The original settings are provided by the two blue arrowed cone shaped hollows for the uprigit and 45 deg’s angle of the fork settings. But there were so many ugly scars between the two of the original hollows.If you want the medial fork angle, such as 60 deg, you should make another hollow between the original ones.

 写真は、幅広改造のために(お客さんが)送って来られたHF経緯台のベースシャフトです。良い機会なので、この際、皆さんに警鐘を鳴らしておきます。 幅広改造は、このシャフトを抜いてから、中心で切断し、パイプ(内径が六角形状)に内径と同じ六角棒を通して必要量拡張して固定するのですが、今回はこのシャフトがなかなか抜けなくて、エライ苦労しました。^^;

 VIXENのHF経緯台は、フォーク角度が垂直と45度傾斜の2種類が選べるように、2箇所にすり鉢状の穴(くぼみ、青い矢印)が設けてあるのです。 無加工で用いる場合は、この鉄則を守らないといけません。 中間の角度(例えば60度)でフォークを固定したい場合は、その位置に新たに”くぼみ”を加工し、セットビスの先端が確実にそれにはまるように組み立てないといけません。

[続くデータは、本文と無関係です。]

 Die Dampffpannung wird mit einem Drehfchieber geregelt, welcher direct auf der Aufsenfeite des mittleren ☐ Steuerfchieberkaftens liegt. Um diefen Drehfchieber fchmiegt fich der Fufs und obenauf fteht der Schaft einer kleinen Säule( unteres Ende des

 ところが、このユーザーさんは、かなりランダムに固定しておられたようで、おびただしい数の掘れ傷(赤い矢印)が本来のくぼみ(青い矢印)の間に付いており、その盛り上がりでシャフトが抜き出せませんでした。(垂直ベースの覗き穴からヤスリを入れて、何とか解決しましたが)

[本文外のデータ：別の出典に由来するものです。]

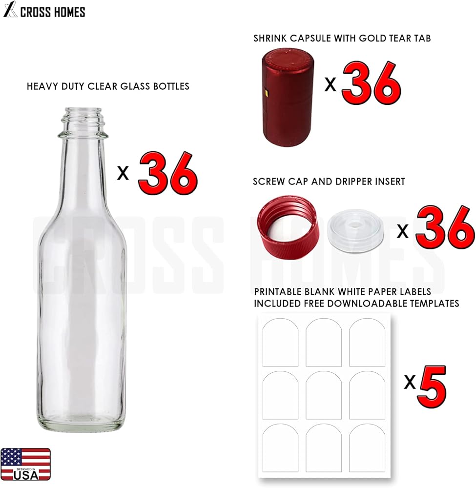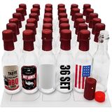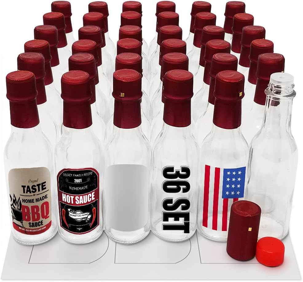 • مجموعات كاملة مكونة من 36 مجموعة صنع زجاجات الصلصة الحارة ووزي، وزجاجات مشروبات صغيرة، وزجاجات نبيذ صغيرة للاستخدام المنزلي، والبيع الاحترافي ومشاركة الهدايا: 36 مجموعة كاملة بما في ذلك زجاجة داشر زجاجية شفافة بوزن 5 أونصة مع كبسولة منكمش من مادة PVC عالية الجودة مع علامة تبويب ذهبية للدموع، وتسرب غطاء لولبي مقاوم، إدراج منقط مخفض الفتحة، 45 قطعة إضافية من ملصقات الزجاجات الفارغة القابلة للطباعة.

  重いBINOでは、このような考え方ですと、大惨事につながります。 どうか製作者の意を汲んでいただき、完成したBINOは正しく使っていただきたいと思います。 改造後の設定角度は60度のみです。 セットビスを最初に完全に撤去し、穴を覗いて、ちゃんとビス用の穴にセットビスがはまるように固定してください。(改造後は、中心の六角棒に設けた深穴にセットビスを入れることになります。)



Framework of the 115ED-BINO in the making / 115ED-BINOのフレーム、製作中

Here is the simple arrangement for the bands to form a rigid framework that is also very easy to adjust.

 鏡筒固定(伸縮管目幅調整方式)で良く用いて来た手法ですが、今回はバンドの連結をM6ネジ2本(合計4本)にして剛性をさらに向上させました。(鏡筒バンドの構造にも左右されます。)